I finally get him back in bed and follow the trail of lights down a flight of 15 steep stairs, and into the kitchen. The first things I notice are this:
~His blanky on the floor right outside the pantry
~ A ton of Danny's cake decorating stuff out on the counter which was NOT there when we went to bed last night {a mere 3 1/2 hours ago}.
~A bowl with water and overly hydrated cheetos. Nasty.
~ I look into the pantry to find a huge box shoved against the side right below the 4th shelf where the cheetos were stored!
It is completely obvious to me what had happened. And this kid is something else! He will stop at NO lengths to get some junk food. That might freak most of you out, but in his defense, he DID eat only broccoli for dinner one night last week and another night ate only peas...so he's not material for Biggest Loser--simmer down people.

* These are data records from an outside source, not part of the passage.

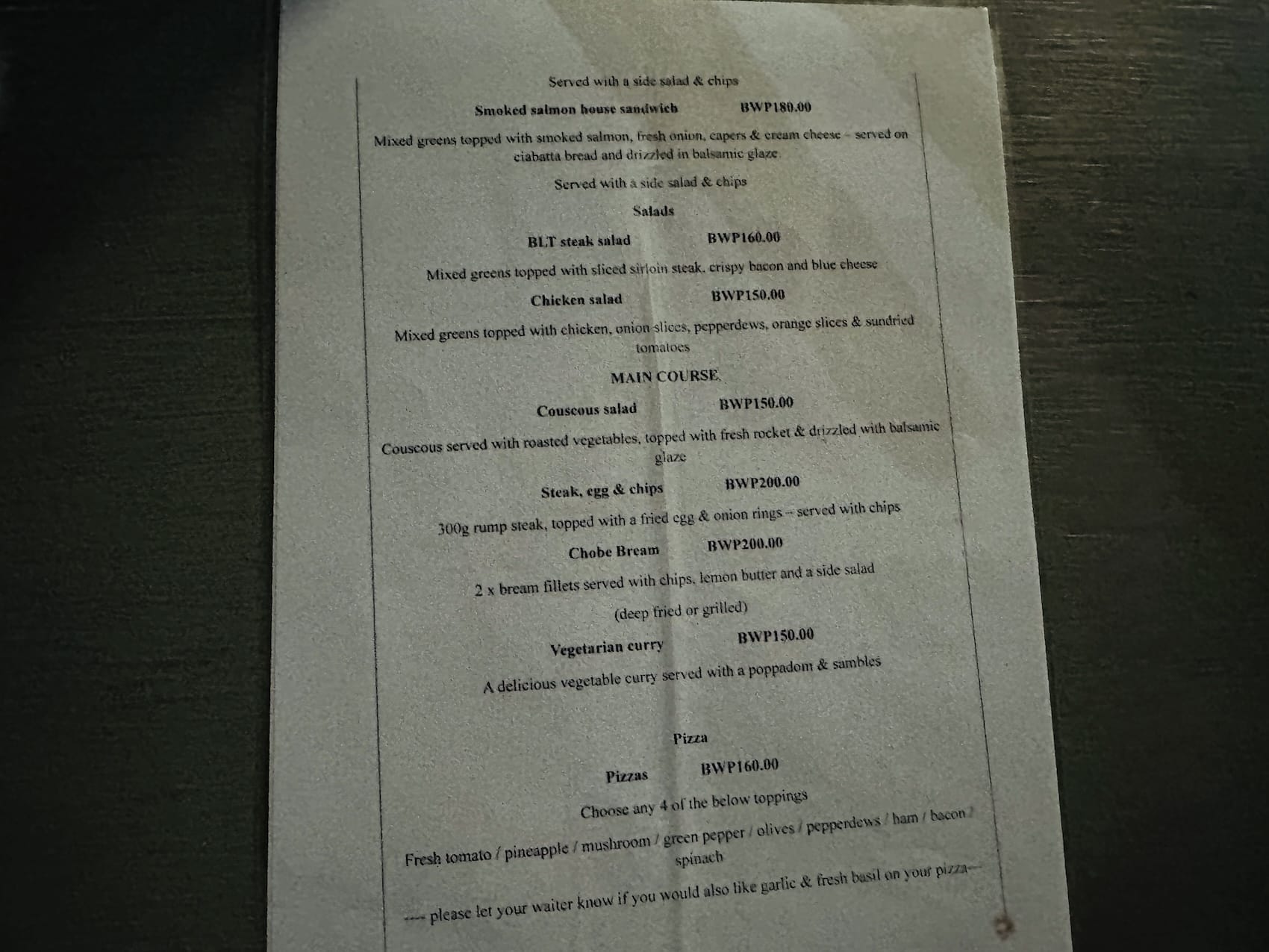 Si nous n’étions pas en DBB, le repas avec les 3 verres de vin aurait coûté 900BWP, soit environ 57€
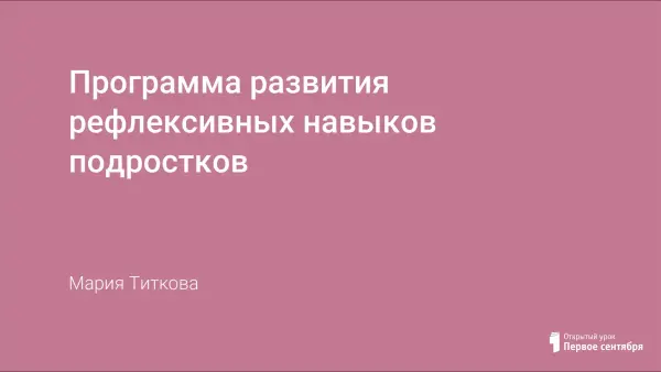Существует множество программ и тренингов, в которых один из этапов занятия - рефлексия (обсуждение итогов занятия). Данная же программа для 6-7-х классов направлена на развитие рефлексивных навыков в течение всего занятия. Цели программы: расширение знаний о себе и других людях, развитие рефлексивных навыков, уверенности в себе, развитие критического мышления. В результате занятий учащиеся повышают свою психологическую культуру, позитивное самоотношение, способность к рефлексии.
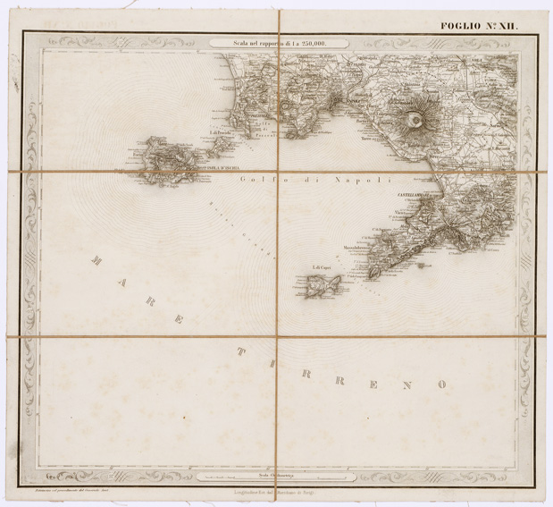 "...FOGLI 25 FOTOINCISA COL PROCEDIMENTO DEL GENERALE AVET ALLA SCALA DI 1:250.000 PUBBLICATA DALL'ISTITUTO TOPOGRAFICO MILITARE, 1874. Bella, pregevolissima carta. E' in 25 fogli oltre il foglio titolo. Su di questo sono dati i seguenti "Cenni sulla costruzione della Carta": "Questa carta corografica è tratta da una topografica disegnata a mano alla scala di 1:103.680, che si trovava negli archivi dell'ex-Ufficio Topografico di Napoli e che era dovuta allo Stato Maggiore Austriaco. Essa fu eseguita durante l'occupazione di quel Regno dal 1821 al 1824, e ne fu fondamento la nota carta del Rizzi-Zannoni, di cui la Carta Austriaca è per così dire una trasformazione. Difatti la planimetria fu poco o punto modificata ma si dette maggior rilievo all'orografia, sostituendo, previe ricognizioni sul terreno, il metodo del tratteggio a luce zenitale, a quello della prospettiva cavaliera col quale sono rappesentate le alture nelle Carte del Zannoni. Non è certamente, nè può essere un lavoro di grande esattezza geometrica, come quello che non dipende da rilievi regolari e molto meno da coordinazione di questi ad una rete di punti geodetici. Nonostante il Comitato dello Stato Maggiore credè di rendere un servizio alle varie Amministrazioni dello Stato ed al pubblico, deliberando, sin dall'anno 1868, di utilizzarla (in via transitoria e intanto che si compivano i rilievi regolari nelle provincie meridionali) con lo scopo di somministrare una guida sufficiente al militare, al geografo ed al viaggiatore. La carta fu riconosciuta sul terreno negli anni 1868-1869 onde completarvi il sistema delle strade ruotabili a fondo manufatto. Di poi si operò il disegno dei vari fogli alla scala 1:250.000, che fu adottata per la pubblicazione. Così ridotta essa consta di 25 fogli. La riproduzione ne fu eseguita con il sistema di fotoincisione del Maggior Generale Conte Avet". (vedi: N. 39 d'Ordine, Cart. d'Arch. N° 71 - Docum. N° 9021 - Files A0001415-1491, e N. 61 d' Ordine, Cart. d 'Arch. N° 72 Docum. N° 9022 - Files A0001537-1594). Alla carta è unito un quadro di unione. Due copie, una delle quali incompleta e l'altra, completa, riveduta dal 1882-1884. La carta completa si trova in biblioteca è montata su tela a stacchi n. di inventario generale 50, schedario carte generali Italia. In archivio (Cart. d'Arch. N. 90 - Docum. n. 26 - Files A0002825-2844) si trova la copia parziale delle carte (mancano i seguenti fogli: 9, 13, 15, 16, 17, 20, 25) non è montata su tela."

So picture in your mind little Coleman climbing out of bed, making his way down the stairs after turning on every single light in the house. He then gets downstairs, remembers that cheetos are yummy and that nobody is awake to stop him. He ditches his blanket and gets to work removing stuff out of one of the biggest objects on the floor of the pantry. He makes it light enough that he can move it with his own strength {unloading the box had to have taken AT LEAST 10 minutes}. He then climbed up onto the box, somehow reached the cheetos {I personally think he has go-go gadget arms} and started to enjoy his midnight snack. He must have been down there long enough to fill a cereal bowl full of cheetos and water because when I saw them they were totally huge and looked like sponges. Then he took his time dragging a huge bag of cheetos back up the long flight of stairs to share his treasure with Danny and I. I tried SO HARD to be mad at him, but I couldn't stop laughing! WHAT A CHARACTER. I'm going back to bed...


Comments
It's Kristi Horner Sondrup! Love the blog! I have seen it off of Janet Shumways but I just found you on Brian and Emily Whites. Is your hunsband related to Brian? Emily is my cousin! Your boy is SO cute!
Kristi
My niece used to do this all the time. Only my sister wouldn't know it until the morning when she'd find similar messes in the kitchen and then my niece would wake up and come downstairs with a grease covered shirt or peanut butter mustache etc..
Cole is hilarious!
glad you had this documented.
Which reminds me... do you remember how Drew would sleepwalk around the neighborhood?! His stories are the very reason there are high locks on ALL outside doors, he turned me into a nutcase mother. lol!